(EXCERPTED RECORDS)

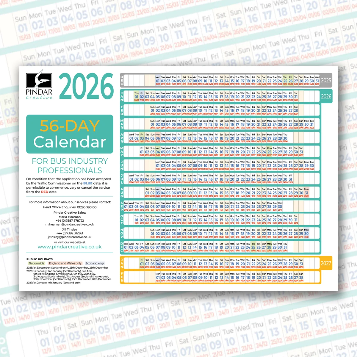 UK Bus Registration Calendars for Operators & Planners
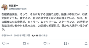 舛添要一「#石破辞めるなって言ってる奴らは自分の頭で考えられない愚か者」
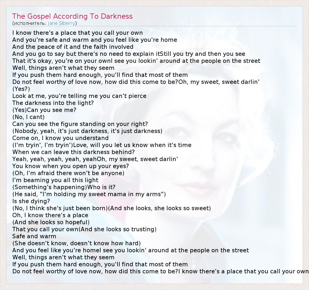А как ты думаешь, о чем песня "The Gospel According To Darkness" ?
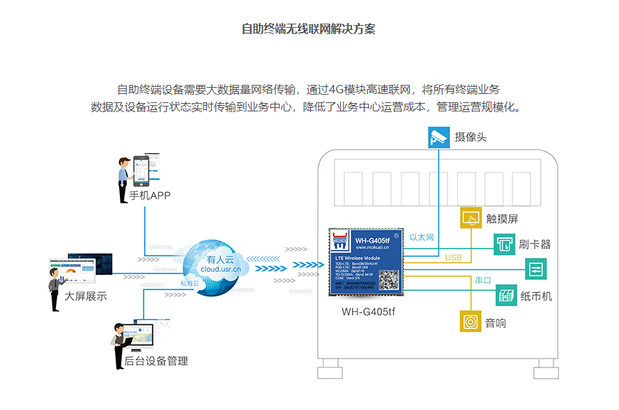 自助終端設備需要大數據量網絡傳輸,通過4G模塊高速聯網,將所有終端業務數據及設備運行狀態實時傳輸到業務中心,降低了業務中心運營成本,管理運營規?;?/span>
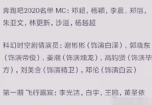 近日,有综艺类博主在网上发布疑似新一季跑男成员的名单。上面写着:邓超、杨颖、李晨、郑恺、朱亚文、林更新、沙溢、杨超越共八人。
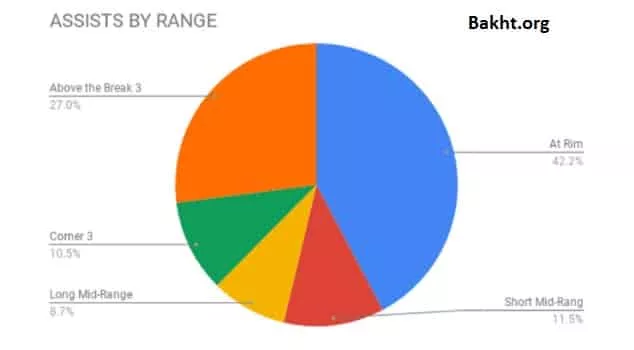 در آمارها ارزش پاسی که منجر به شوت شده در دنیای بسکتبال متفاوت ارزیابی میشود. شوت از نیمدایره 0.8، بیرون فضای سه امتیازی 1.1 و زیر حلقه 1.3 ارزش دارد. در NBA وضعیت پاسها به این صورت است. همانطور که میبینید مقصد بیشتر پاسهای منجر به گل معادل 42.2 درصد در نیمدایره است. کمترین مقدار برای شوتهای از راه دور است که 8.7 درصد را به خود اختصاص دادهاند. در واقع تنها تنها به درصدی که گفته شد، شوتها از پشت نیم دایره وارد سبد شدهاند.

(End EXCERPTED RECORDS)

- WHAT YOU WILL DO
Please repeat exactly the lines from the one containing "А как ты думаешь, о" through the end of the entries, both included, omitting pictures.

- ANSWER SECTION
А как ты думаешь, о чем песня "The Gospel According To Darkness" ?
 自助終端設備需要大數據量網絡傳輸,通過4G模塊高速聯網,將所有終端業務數據及設備運行狀態實時傳輸到業務中心,降低了業務中心運營成本,管理運營規?;?/span>
 近日,有综艺类博主在网上发布疑似新一季跑男成员的名单。上面写着:邓超、杨颖、李晨、郑恺、朱亚文、林更新、沙溢、杨超越共八人。
 در آمارها ارزش پاسی که منجر به شوت شده در دنیای بسکتبال متفاوت ارزیابی میشود. شوت از نیمدایره 0.8، بیرون فضای سه امتیازی 1.1 و زیر حلقه 1.3 ارزش دارد. در NBA وضعیت پاسها به این صورت است. همانطور که میبینید مقصد بیشتر پاسهای منجر به گل معادل 42.2 درصد در نیمدایره است. کمترین مقدار برای شوتهای از راه دور است که 8.7 درصد را به خود اختصاص دادهاند. در واقع تنها تنها به درصدی که گفته شد، شوتها از پشت نیم دایره وارد سبد شدهاند.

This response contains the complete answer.